Gardner formed an investment group named Memorial Trust to purchase the apartments for conversion into condominiums. Gardner appointed himself trustee of the trust. Gardner prepared and distributed to potential investors a trust agreement and confidential memorandum explaining Gardner’s investment proposal. Appellants, Owen W. Cecil, Grant R. McKeever, Robert W. Cherry, John Greig Coogan, Bruce R. Kelly, L.G. Menefee, Marian L. Modeland, John C. Perkins, and Jack Whit-more were investors in the Memorial Trust. Each of the Appellants signed powers of attorney which authorized Gardner to act for them in the purchase of the Le Manoir Apartments. Each power of attorney provided in part that:

Such powers will include, but are not limited to, the execution of all purchase vendor lien notes with joint and several liability, deeds, deeds of trust, and other security instruments relative to the purchase of said Le Manoir Apartments.

Pursuant to the powers of attorney, at the closing of the sale of the apartments, Gardner executed four promissory notes as part of the purchase price for Robertson’s interest in the apartment complex.

Gardner failed to make timely payment on the notes given to Robertson and the other notes executed in connection with the purchase of the apartments. Attorneys for the note holders, including Robertson, began sending notice letters to the individual investors, demanding payment on the notes. After receiving these letters, the investors confronted Gardner and demanded an explanation. Gardner explained that the notes had not been paid because of a temporary cash flow problem which would be solved as soon as there was final approval on the loans of some of the prospective condominium purchasers.

The financial problems did not get better. In February, 1978, the apartments were set for foreclosure due to the non-payment of promissory notes held by other creditors of the trust. The individual trust investors obtained the books and records of the trust and turned them over to John Stormes, a certified public accountant. Stormes reported that a substantial amount of trust money was missing. The trust investors forced Gardner to resign as trustee and selected three of the individual investors to serve as co-trustees. In order to avoid the impending foreclosure, the apartments were filed for bankruptcy by the investors, hoping that a purchaser for the apartment complex could be found. No purchaser was found and eventually the apartments were foreclosed upon by another note holder.
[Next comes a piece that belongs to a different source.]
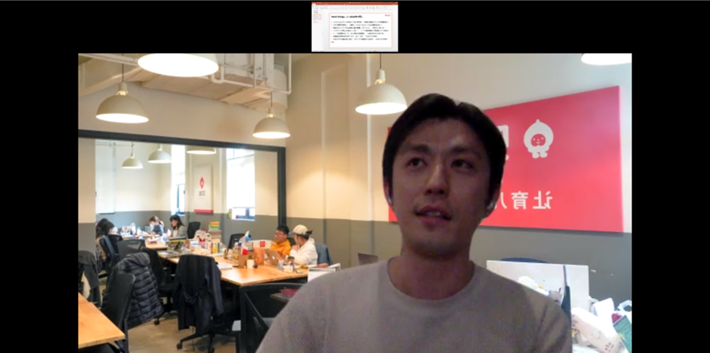 Onedot株式会社は2016年12月、「世界中の子どもと家族を笑顔に」をミッションに設立された、中国最大手の育児メディア「Babily」の運営会社です。CEOの鳥巣さんは、通常、上海をベースにお仕事されていますが、今回は東京から、上海のオフィス画像を背景にご参加。

Robertson brought suit on four promissory notes executed by Gardner, on behalf of the trust investors. After suit was filed, but prior to the time of trial, Robertson died. Subsequently, Appellee was named as Independent Administrator of the Estate of Robertson and was made a party to this suit. Trial was to a jury, but, after each side had presented its evidence, the trial court granted Appellee’s Motion for Instructed Verdict and denied Appellants’ motion. Appellants attack the trial court’s action in granting Appellee’s motion.
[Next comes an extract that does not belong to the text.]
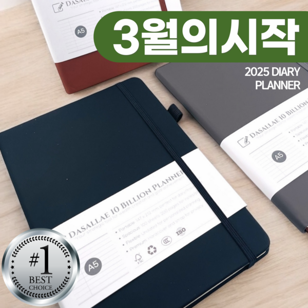 30번: 다살래 100억 부자 A5 다이어리 플래너(만년형 하드커버 스트랩), 블랙

On appeal from the granting of an instructed verdict, an appellate court is to determine whether there is any evidence of probative force to raise fact questions on the material issues of the case. Henderson v. Travelers Insurance Co., 544 S.W.2d 649, 650 (Tex.1976). All of the evidence in the record must be considered by the reviewing court in a light most favorable to the party against whom the instructed verdict was rendered and we must discard all contrary evidence and inferences. Henderson, 544 S.W.2d at 650; Kennedy v. Beasley, 606 S.W.2d 1 (Tex.Civ.App. — Houston [1st Dist.] 1980, writ ref’d n.r.e.). This court must affirm the action of the trial court if Appellants failed to present some legally sufficient evidence on each element of the defenses Appellants raised to Appellee’s suit on the promissory notes. See generally, 3 R. McDonald, TEXAS CIVIL PRACTICE IN DISTRICT and COUNTY COURTS § 11.28.1 (rev. 1983).

In point of error one, Appellants argue that the trial court erred in finding there was no evidence refuting Gardner’s actual authority to execute the promissory notes on behalf of Appellants. The second point of error is that the trial court erred in finding that Appellants presented no evidence that Gardner did not possess apparent authority to execute and bind Appellants on the promissory notes. Even if we assume that Appellants presented some evidence refuting Gardner’s actual authority, an issue we do not decide, if there was no evidence refuting Gardner’s apparent authority, the trial court properly granted the motion for instructed verdict on the issue of Gardner’s authority to execute and bind Appellants on the promissory notes.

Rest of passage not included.